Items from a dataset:
/---
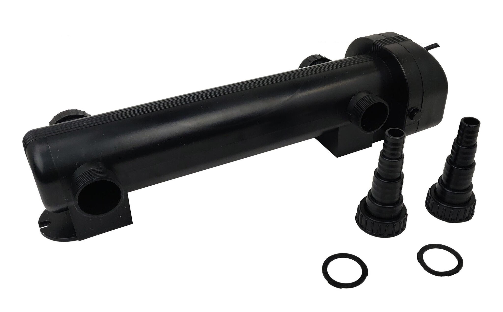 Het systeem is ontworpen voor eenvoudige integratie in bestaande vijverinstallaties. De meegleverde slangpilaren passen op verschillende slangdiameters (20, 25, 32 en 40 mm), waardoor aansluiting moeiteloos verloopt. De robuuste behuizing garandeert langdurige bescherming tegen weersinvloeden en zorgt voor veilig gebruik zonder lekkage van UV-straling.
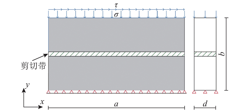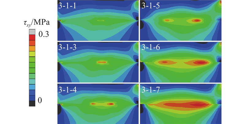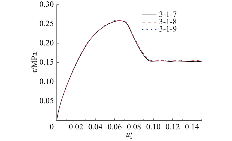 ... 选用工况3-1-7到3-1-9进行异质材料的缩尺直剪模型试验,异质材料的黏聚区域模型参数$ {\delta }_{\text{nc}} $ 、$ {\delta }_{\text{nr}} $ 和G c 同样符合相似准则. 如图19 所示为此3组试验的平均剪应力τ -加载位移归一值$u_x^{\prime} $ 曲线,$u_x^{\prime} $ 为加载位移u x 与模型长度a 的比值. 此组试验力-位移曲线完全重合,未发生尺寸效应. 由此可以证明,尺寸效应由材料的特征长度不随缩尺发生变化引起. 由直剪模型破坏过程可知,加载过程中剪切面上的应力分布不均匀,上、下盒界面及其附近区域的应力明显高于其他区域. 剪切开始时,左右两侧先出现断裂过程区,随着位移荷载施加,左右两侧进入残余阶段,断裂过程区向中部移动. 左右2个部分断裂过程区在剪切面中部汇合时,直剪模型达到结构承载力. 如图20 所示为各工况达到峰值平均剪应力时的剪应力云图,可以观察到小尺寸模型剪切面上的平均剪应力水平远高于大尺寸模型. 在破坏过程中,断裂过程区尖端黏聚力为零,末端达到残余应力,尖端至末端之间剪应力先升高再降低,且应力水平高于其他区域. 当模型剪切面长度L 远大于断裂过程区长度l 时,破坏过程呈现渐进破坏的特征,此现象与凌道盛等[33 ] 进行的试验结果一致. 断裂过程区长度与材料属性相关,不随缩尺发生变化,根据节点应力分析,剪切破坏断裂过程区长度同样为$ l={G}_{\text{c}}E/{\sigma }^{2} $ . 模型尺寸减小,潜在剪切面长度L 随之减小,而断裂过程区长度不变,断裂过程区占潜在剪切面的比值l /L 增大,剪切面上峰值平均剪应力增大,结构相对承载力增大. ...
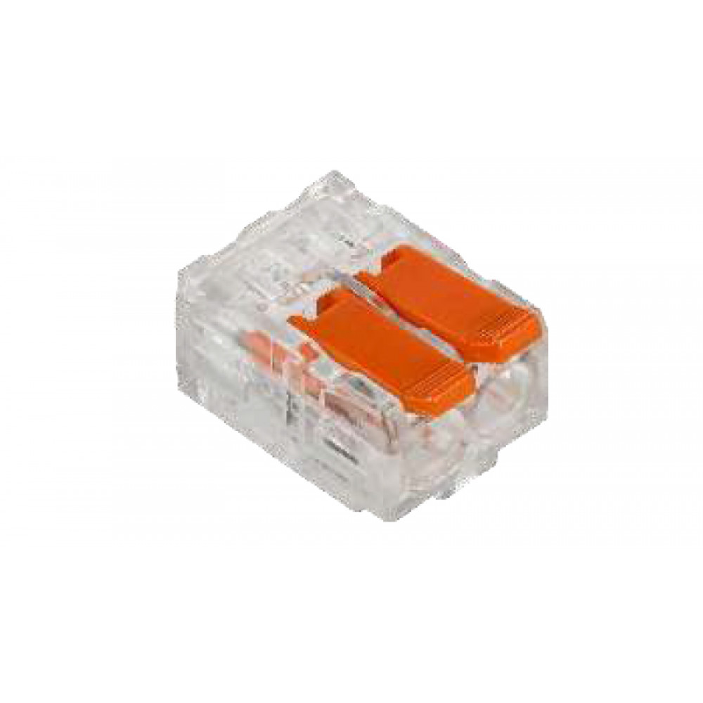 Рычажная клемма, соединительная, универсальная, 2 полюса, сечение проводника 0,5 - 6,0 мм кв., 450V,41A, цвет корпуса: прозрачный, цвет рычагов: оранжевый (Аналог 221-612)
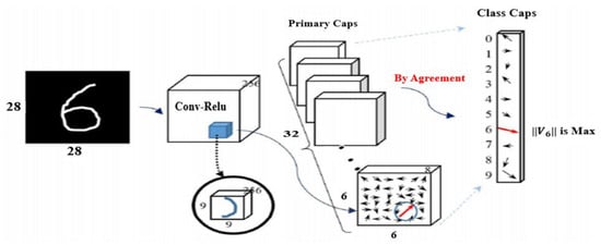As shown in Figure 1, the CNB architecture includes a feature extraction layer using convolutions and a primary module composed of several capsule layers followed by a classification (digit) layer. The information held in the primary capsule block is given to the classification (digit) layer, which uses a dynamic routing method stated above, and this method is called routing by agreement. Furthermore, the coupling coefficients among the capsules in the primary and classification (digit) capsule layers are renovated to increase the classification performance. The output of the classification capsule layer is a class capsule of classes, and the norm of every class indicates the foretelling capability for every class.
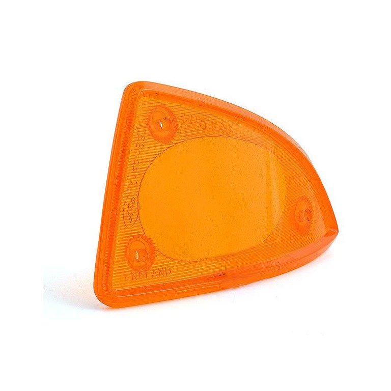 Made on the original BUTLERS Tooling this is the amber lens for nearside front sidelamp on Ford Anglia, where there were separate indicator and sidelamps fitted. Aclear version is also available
\---
Activity:
Find the line with "Рычажная клемма, соединительная, универсальная, 2". Reproduce it and every line after it through the last line above exactly, leaving out the pictures.

Answer box:
 Рычажная клемма, соединительная, универсальная, 2 полюса, сечение проводника 0,5 - 6,0 мм кв., 450V,41A, цвет корпуса: прозрачный, цвет рычагов: оранжевый (Аналог 221-612)
As shown in Figure 1, the CNB architecture includes a feature extraction layer using convolutions and a primary module composed of several capsule layers followed by a classification (digit) layer. The information held in the primary capsule block is given to the classification (digit) layer, which uses a dynamic routing method stated above, and this method is called routing by agreement. Furthermore, the coupling coefficients among the capsules in the primary and classification (digit) capsule layers are renovated to increase the classification performance. The output of the classification capsule layer is a class capsule of classes, and the norm of every class indicates the foretelling capability for every class.
 Made on the original BUTLERS Tooling this is the amber lens for nearside front sidelamp on Ford Anglia, where there were separate indicator and sidelamps fitted. Aclear version is also available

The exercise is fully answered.